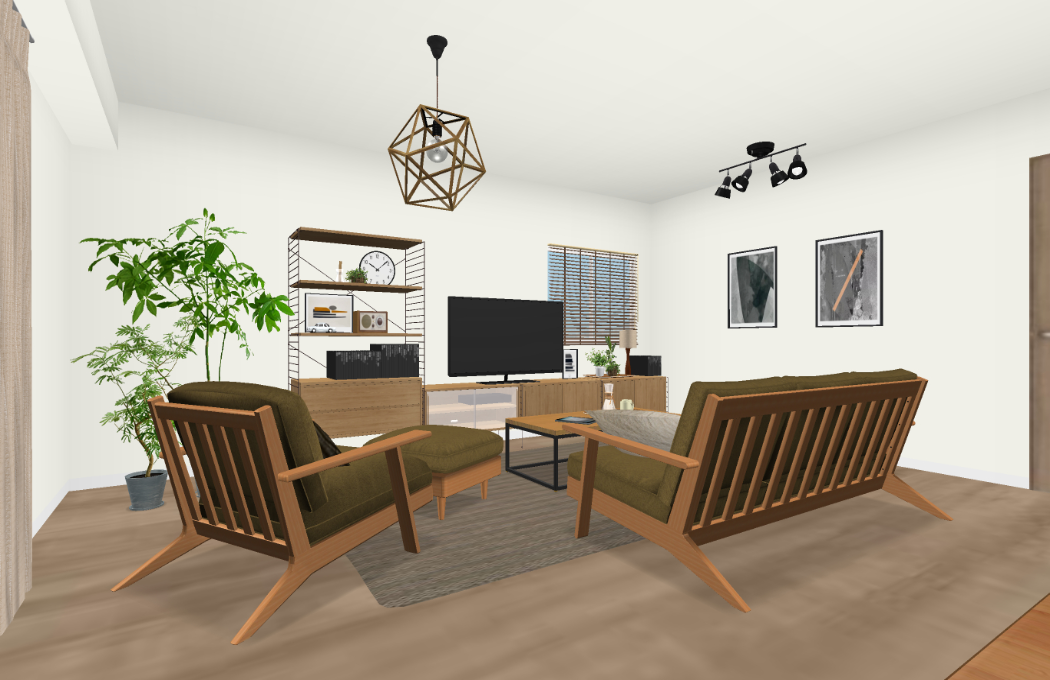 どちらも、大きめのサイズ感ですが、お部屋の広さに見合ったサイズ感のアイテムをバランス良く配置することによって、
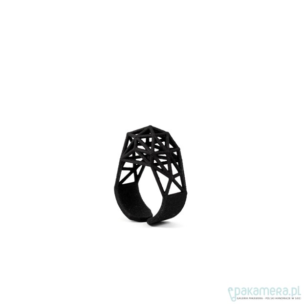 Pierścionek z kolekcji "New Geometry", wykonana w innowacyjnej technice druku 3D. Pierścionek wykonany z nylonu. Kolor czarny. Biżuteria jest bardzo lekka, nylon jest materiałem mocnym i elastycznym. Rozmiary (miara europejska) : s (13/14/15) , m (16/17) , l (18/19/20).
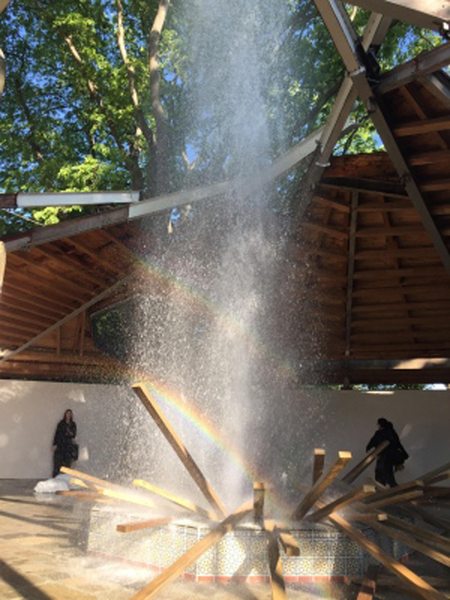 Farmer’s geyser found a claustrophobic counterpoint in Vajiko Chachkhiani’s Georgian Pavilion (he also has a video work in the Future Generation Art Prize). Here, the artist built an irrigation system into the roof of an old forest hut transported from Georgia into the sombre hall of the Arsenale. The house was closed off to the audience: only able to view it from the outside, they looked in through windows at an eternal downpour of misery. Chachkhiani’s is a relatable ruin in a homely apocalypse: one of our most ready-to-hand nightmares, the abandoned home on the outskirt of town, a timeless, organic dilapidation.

---

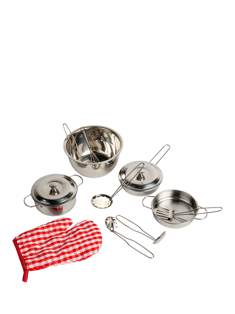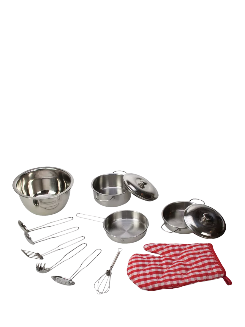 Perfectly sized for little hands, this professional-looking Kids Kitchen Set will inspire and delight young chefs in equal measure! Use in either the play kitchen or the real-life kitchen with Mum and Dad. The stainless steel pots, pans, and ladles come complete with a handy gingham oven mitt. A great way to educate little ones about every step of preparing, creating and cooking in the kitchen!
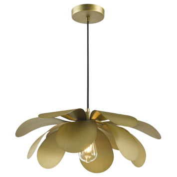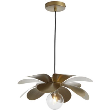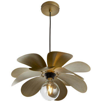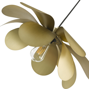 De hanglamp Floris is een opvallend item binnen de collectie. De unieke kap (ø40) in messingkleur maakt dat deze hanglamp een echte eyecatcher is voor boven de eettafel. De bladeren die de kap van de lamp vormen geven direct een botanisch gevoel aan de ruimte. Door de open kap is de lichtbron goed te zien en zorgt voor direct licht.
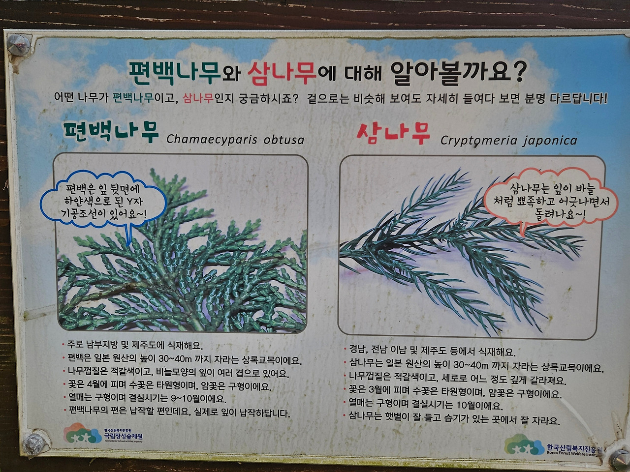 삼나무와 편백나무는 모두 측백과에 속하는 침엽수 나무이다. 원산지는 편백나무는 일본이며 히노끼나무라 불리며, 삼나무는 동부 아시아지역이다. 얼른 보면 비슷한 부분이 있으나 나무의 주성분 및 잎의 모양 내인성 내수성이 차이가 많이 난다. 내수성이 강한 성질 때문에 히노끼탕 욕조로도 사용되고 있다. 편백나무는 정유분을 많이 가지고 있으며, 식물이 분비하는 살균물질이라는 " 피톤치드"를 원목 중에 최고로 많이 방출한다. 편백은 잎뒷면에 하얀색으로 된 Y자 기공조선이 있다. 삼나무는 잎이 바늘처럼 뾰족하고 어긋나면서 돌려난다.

--

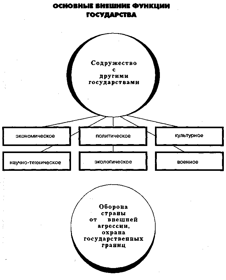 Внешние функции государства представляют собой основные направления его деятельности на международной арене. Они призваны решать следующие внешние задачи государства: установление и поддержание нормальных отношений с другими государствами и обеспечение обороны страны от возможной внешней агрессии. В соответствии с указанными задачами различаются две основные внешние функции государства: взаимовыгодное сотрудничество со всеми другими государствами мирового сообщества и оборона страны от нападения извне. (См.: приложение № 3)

What you should do: Within the listing above, the lines from the one with "どちらも、大きめのサイズ感で" through the one with "Pierścionek z kolekcji" are to be given again word for word. Do not include pictures.

The answer:
 どちらも、大きめのサイズ感ですが、お部屋の広さに見合ったサイズ感のアイテムをバランス良く配置することによって、
 Pierścionek z kolekcji "New Geometry", wykonana w innowacyjnej technice druku 3D. Pierścionek wykonany z nylonu. Kolor czarny. Biżuteria jest bardzo lekka, nylon jest materiałem mocnym i elastycznym. Rozmiary (miara europejska) : s (13/14/15) , m (16/17) , l (18/19/20).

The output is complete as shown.